17 Oct 2022 10:08

Tinkoff Investments to seek Belgian license to transfer frozen client assets from sanctioned NSD

MOSCOW. Oct 17 (Interfax) - Tinkoff Investments has notified its clients that it intends to soon ask the Belgian Finance Ministry for a license that will enable it to transfer assets from Russia's National Settlement Depository (NSD), which is subject to sanctions, to other safe holding locations.

The NSD, after agreement with Euroclear and external European consultants, sent requests for general licenses to the finance ministries of Belgium and Luxembourg in September to unblock the assets of all investors not subject to sanctions and expects to receive a general permit in October.

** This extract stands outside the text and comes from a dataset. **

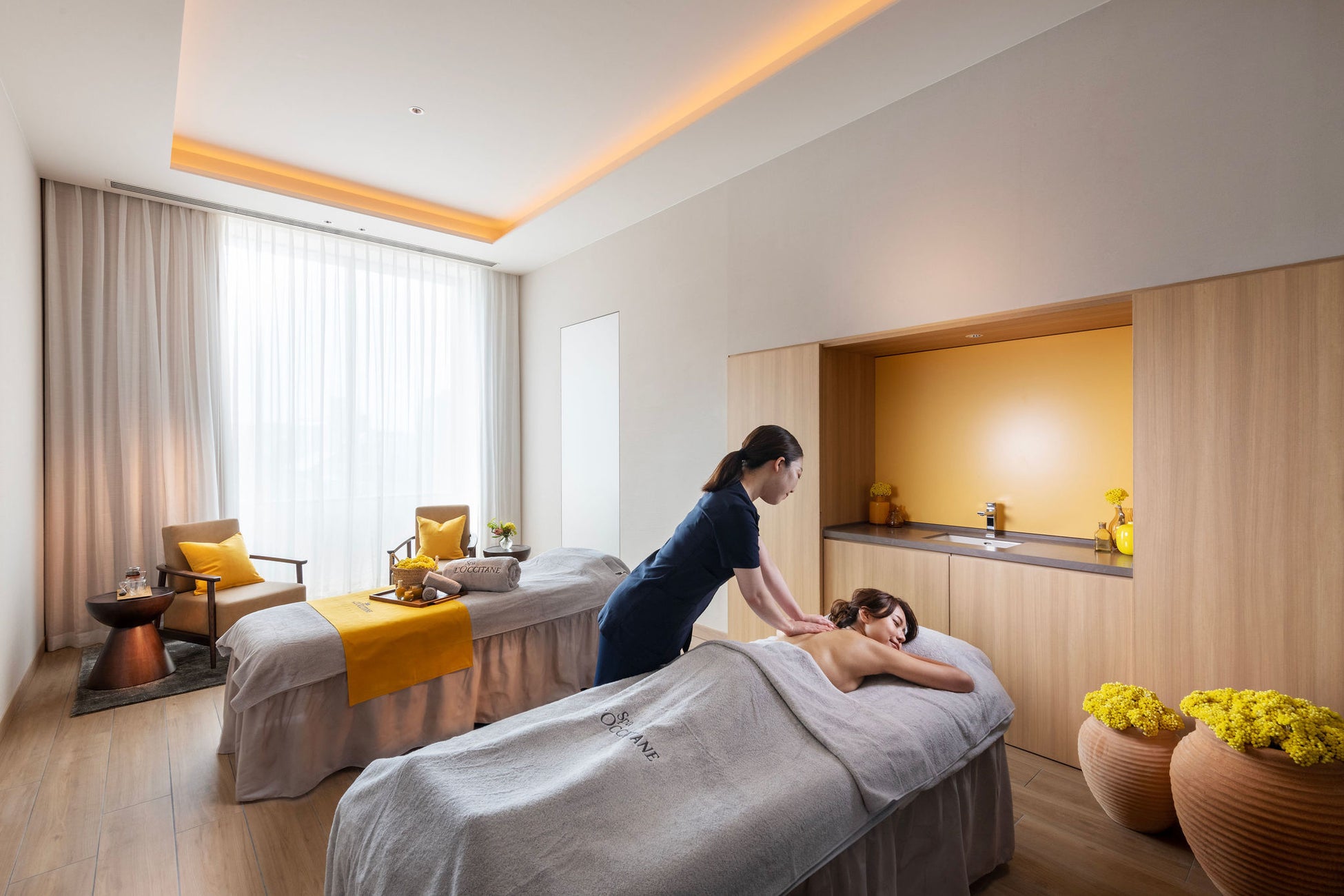 メニューはボディ、フェイシャルと、気軽にお試しいただけるフットやアイケアメニューもご用意。ロクシタンの心地よい香りに包まれながら、オールハンドの贅沢な施術をご堪能いただけます。また、レモンの生産量日本一の広島に着目し、この度ヒルトン広島限定のトリートメント2種類もご用意しました。「シトラス グロウ」(90分/¥27,346)は、ロクシタンで大人気の「シトラスヴァーベナ」を使用したボディトリートメントで、ジューシーでフレッシュな柑橘系の香りに包まれながら、ロクシタン独自の手技で緊張をほぐし、心も身体も開放します。フェイシャルとボディがセットになった贅沢な「プロヴァンサル ゴールデン ブリーズ」(120分/¥39,776)は、同じくヒルトン広島限定のシトラスの香りに包まれる至福のトリートメント。「シトラスヴァーベナ」の香りに包まれて、リラクシング効果の高いボディトリートメントで緊張をほぐした後は、美肌成分を豊富に含む花「イモーテル」の力が注ぎこまれたプレミアムスキンケア「イモーテル ディヴァイン」を用いたフェイシャルトリートメントを。ハリとツヤのある肌へと導きます。

Brokers in the Club for Protection of Investors' Rights, which includes more than 100 companies, announced plans to prepare requests for individual licenses to unfreeze assets in case the NSD does not receive a response from European regulators by November 1.

Tinkoff Investments plans to send its own request regardless in order to unfreeze assets frozen in NSD accounts at Euroclear so that its clients who have not been hit by sanctions can again access their securities and money in the form of dividends, coupons and bond redemption payments.

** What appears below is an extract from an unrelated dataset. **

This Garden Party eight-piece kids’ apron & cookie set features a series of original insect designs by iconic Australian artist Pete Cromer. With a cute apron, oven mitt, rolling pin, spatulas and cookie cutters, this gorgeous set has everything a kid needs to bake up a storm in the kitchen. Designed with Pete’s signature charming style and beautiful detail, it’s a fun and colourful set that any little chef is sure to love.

The company said the request to the Belgian ministry might be sent in a few weeks.

The European Union's last sanctions package said that settlements with frozen assets must be completed by January 7, 2023 if permission is granted. Tinkoff Investments said that the individual deadline for unfreezing its clients' assets should be stated in the license.

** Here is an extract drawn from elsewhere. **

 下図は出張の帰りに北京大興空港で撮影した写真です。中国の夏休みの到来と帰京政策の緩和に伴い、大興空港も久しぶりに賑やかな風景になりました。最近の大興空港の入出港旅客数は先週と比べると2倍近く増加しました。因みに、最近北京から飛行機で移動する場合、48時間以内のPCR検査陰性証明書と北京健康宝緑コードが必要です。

The company said it meets all the necessary criteria set by the European regulator. The whole process will be absolutely free of charge for its clients, the company said.

The situation with Swiss francs, the freezing of which is not related to the freezing of assets in NSD accounts at Euroclear, is different because the payments of the National Clearing Center's (NCC) correspondent bank, Gazprombank (Switzerland, are not being processed by intermediary banks. Tinkoff Investments is continuing to work with the NCC to return clients' Swiss francs, the company said.

There is a possibility that frozen assets can be transferred to Tinkoff Investments from another Russian depository, but the company said it cannot guarantee that it will get a license to unfreeze these assets.